Many thanks for your responses.
My aim was to get a better knowledge of the gear ratio of the new type encoder that I own. Some time ago we already found out that it is not the documented 63 counts per revolution (CpR) but rather something near to 63.3 CpR. I wanted to know if it might be a 63+1/3 CpR, which would have been nice, because then one could expect an integer number of 190 counts after three full revolutions. OK, this is not exactly the case (~63.330) but at least a good approximation for a lot of applications.

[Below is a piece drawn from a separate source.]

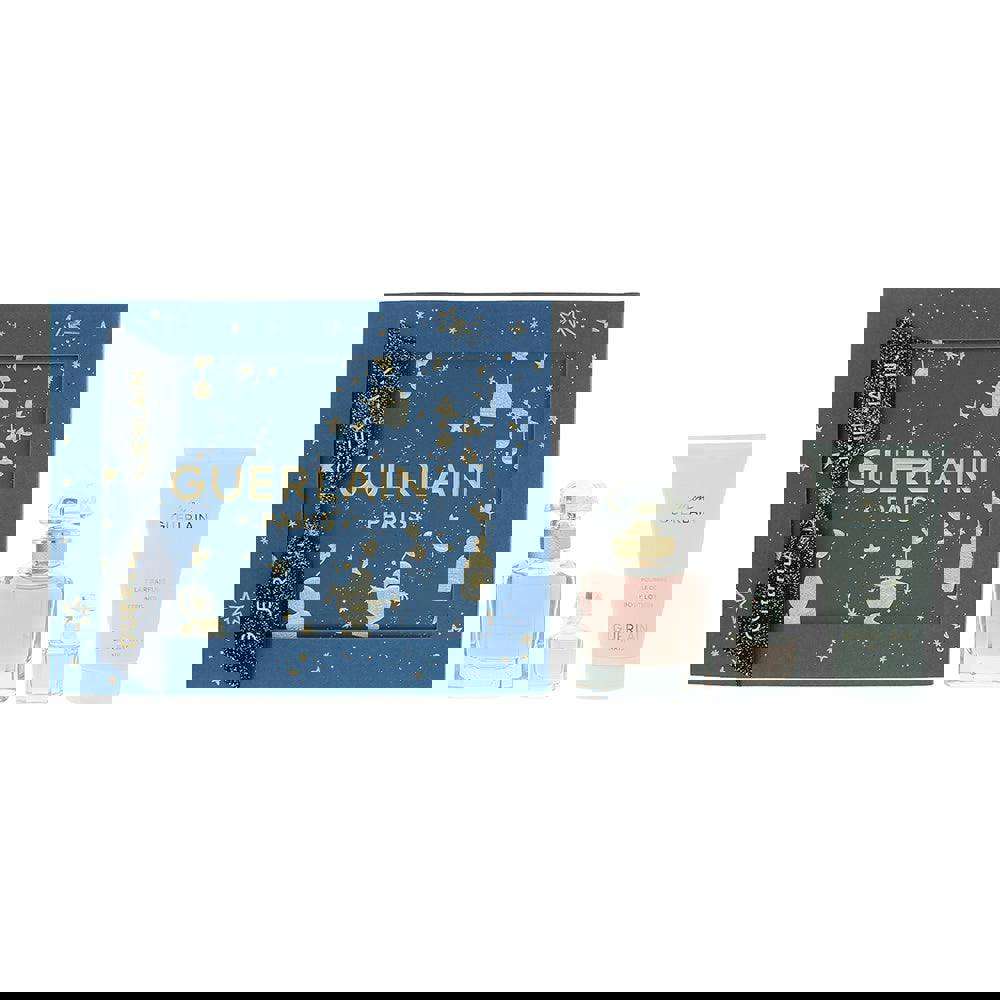 The composition traditionally opens with sparkling bergamot, unfolding into a floral heart before settling into a signature base where vanilla, iris and resinous notes come through. Alongside the Eau de Parfum, the matching body lotion offers a complementary way to wear the scent while helping to soften the skin. A miniature Eau de Parfum completes the set, ideal for travel or quick top-ups.

Also my aim was to realize this with a minimal effort setup using ft parts only, so that everyone can repeat this measurement to identify the encoder gear type, that ft has changed w/o notice for both encoder motors, old (75 vs. ~76.172) and new (~63.330 vs. ~63.888). Maybe there are even more different types around?
Yes, this setup isn't perfect, but I think the results proof that it's absolutely sufficient for a quick measurement.
I've simplified the program! Now it works reliably even on the TXT with the "high speed" old encoder motor type.
Thanks to Frans for the "flying stop" hint! With creeping speed at start and stop the results look fine.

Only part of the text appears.